Ireland's Vote to Remove Blasphemy from Constitution and the Asia Bibi Case

by Pearl Goldman, Jurist

In a referendum held on October 26, 2018, the people of Ireland voted to amend the Irish Constitution to remove the word blasphemy from Article 40.6.1, which declared that "[t]he publication or utterance of blasphemous, seditious, or indecent matter is an offence which shall be punishable in accordance with law." This constitutional change enables the Oireachtas, Ireland's National Parliament, to change statutory law so that blasphemy is no longer a crime. It also represents the most recent advance in this predominantly Catholic country toward a more secular society. Same-sex marriage and abortion were legalized in two earlier referenda. And it might constitute an important step in undoing some of the unintentional international consequences of Ireland's criminalization of blasphemy.

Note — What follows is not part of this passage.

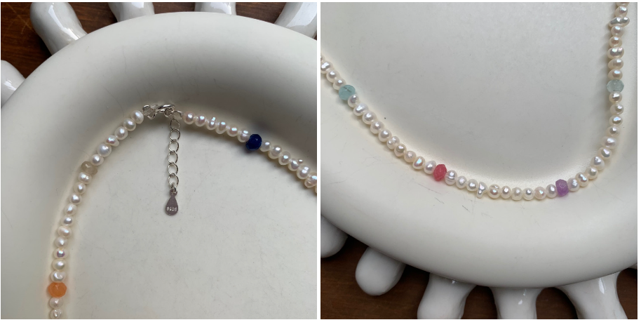 5. 멀티원석 비즈담수진주목걸이 6. 보헤미안 멀티비즈목걸이 7-1.실버925 투톤 매트 유리비즈 목걸이

Ireland's blasphemy ban was enshrined in the constitution in 1937, during an era when church and state were seen as a single entity and defaming the established religion was tantamount to treason. Corresponding definitions and penalties were enacted in the 2009 Defamation Act. In contrast to Article 40.6.1 of the constitution, which had protected only Christians from blasphemy, the 2009 Act was designed to protect all religions. The Act defined blasphemy as "publishing or uttering matter that is grossly abusive or insulting in relation to matters sacred by any religion, thereby intentionally causing outrage among a substantial number of adherents of that religion, with some defenses permitted." However, it was widely believed that the Act did no more than give lip service to the constitutional requirement that blasphemy be declared a crime because, on any fair reading, the statutory provision was unenforceable.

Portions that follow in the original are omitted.